3. “Maxwell’s Silver Hammer” by the Beatles
And since we’re on weird, dark songs by preternaturally gifted songwriters, here’s a little gem from Paul McCartney, who may be the greatest pop songsmith of them all. The bouncy, old-timey little number (John Lennon derisively referred to it as “more of Paul’s granny music”) only sounds sweet and charming if you’re not listening to the lyrics, which tell the story of a guy who just can’t seem to stop murdering people with a hammer. It does like a pretty fun hobby, to be honest.
Even, after he is caught:
“Rose and Valerie screaming from the gallery / Say he must go free
The judge does not agree and he tells them so / But as the words are leaving his lips
A noise comes from behind / Bang, bang, Maxwell’s silver hammer
Came down upon his head / Bang, Bang, Maxwell’s silver hammer
Made sure that he was dead”
2. “Children’s Story” by Slick Rick
Say the words, “once upon a time, not long ago” to any rap fan of a certain vintage, and they will instantly spill all of the words to Slick Rick’s 1989 classic “Children’s Story“. Framed as a bedtime story told to his nephews, the song somehow manages to combine whimsy and humor, with a strong message about the perils of a life of crime:
“Once upon a time, not long ago / Where people wore pajamas and lived life slow
Where laws were stern and justice stood / And people were behavin’ like they ought to good
There lived a little boy who was misled / By another little boy and this is what he said
Me and you tyke, we’re gonna make some cash / Robbin’ old folks and makin’ the dash”
Needless to say (as in most fairy tales), the story doesn’t end happily for the little boy (“The cops shot the kid, I still hear him scream”) but with a strong moral to stay on the straight and narrow. And Rick’s acknowledgement that, “I know this story is really weird.” Goodnight!
1. “Wreck Of The Edmund Fitzgerald” by Gordon Lightfoot
“The legend lives on from the Chippewa on down / Of the big lake they called ‘Gitche Gumee’
The lake, it is said, never gives up her dead / When the skies of November turn gloomy”
So begins arguably the greatest musical narrative of all time, Canadian folk singer Gordon Lightfoot’s 1976 “The Wreck Of The Edmund Fitzgerald“. As you may have gathered, it is an account of an actual event – a shipwreck that had occurred on Lake Superior roughly a year prior to the song’s recording, and which claimed the lives of 29 men.
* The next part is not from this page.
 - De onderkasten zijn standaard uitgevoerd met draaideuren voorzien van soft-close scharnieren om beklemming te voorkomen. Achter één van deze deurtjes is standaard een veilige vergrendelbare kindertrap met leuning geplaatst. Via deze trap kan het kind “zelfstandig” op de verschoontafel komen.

While there are a few factual errors (chalk it up to artistic license,) the song is a remarkably riveting, concise (14 2-line verses) account of the wreck. And while Lightfoot was not present for the event (doi,) he was fond of sailing on the Great Lakes, and the lyrics simply ring with authenticity:
“When suppertime came, the old cook came on deck saying / ’Fellas, it’s too rough to feed ya’.
At seven P.M. a main hatchway caved in, he said / ’Fellas, it’s been good to know ya’.
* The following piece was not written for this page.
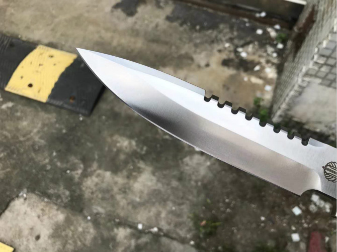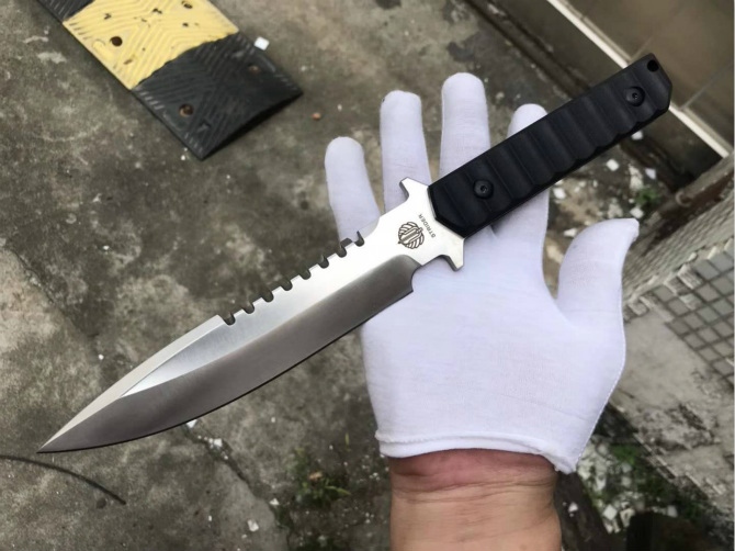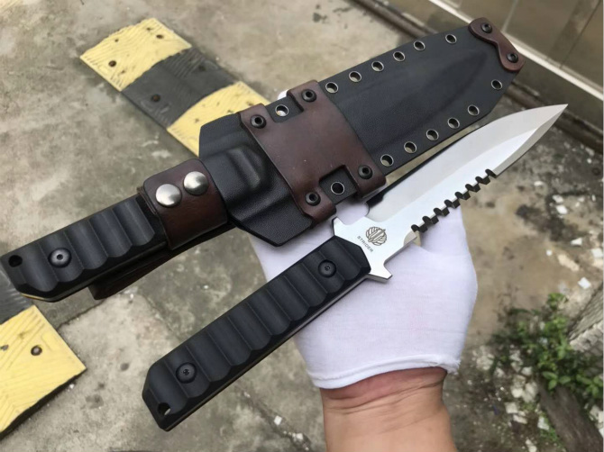 挺进者BT纪念版直刀 全长:32.5cm 刃长:16.7cm 柄长:13.5cm 刃厚:6mm 刃宽:3.6cm 钢材:DC53 硬度:60-61HRC 热处理:BOS专业真空热处理油淬 表面处理:精幼打磨钢本色效果 柄材:黑色复合G10材质 K鞘:进口K版+植鞣皮做旧效果 产地:中国代工

The captain wired in he had water comin’ in /And the good ship and crew was in peril.
And later that night when his lights went outta sight / Came the wreck of the Edmund Fitzgerald.”
The song was a #2 US hit for Lightfoot, and he personally considers it his best work. It’s not hard to see why; lots of people can spin a great yarn, and lots of people can write a great song, but not many can do both at once.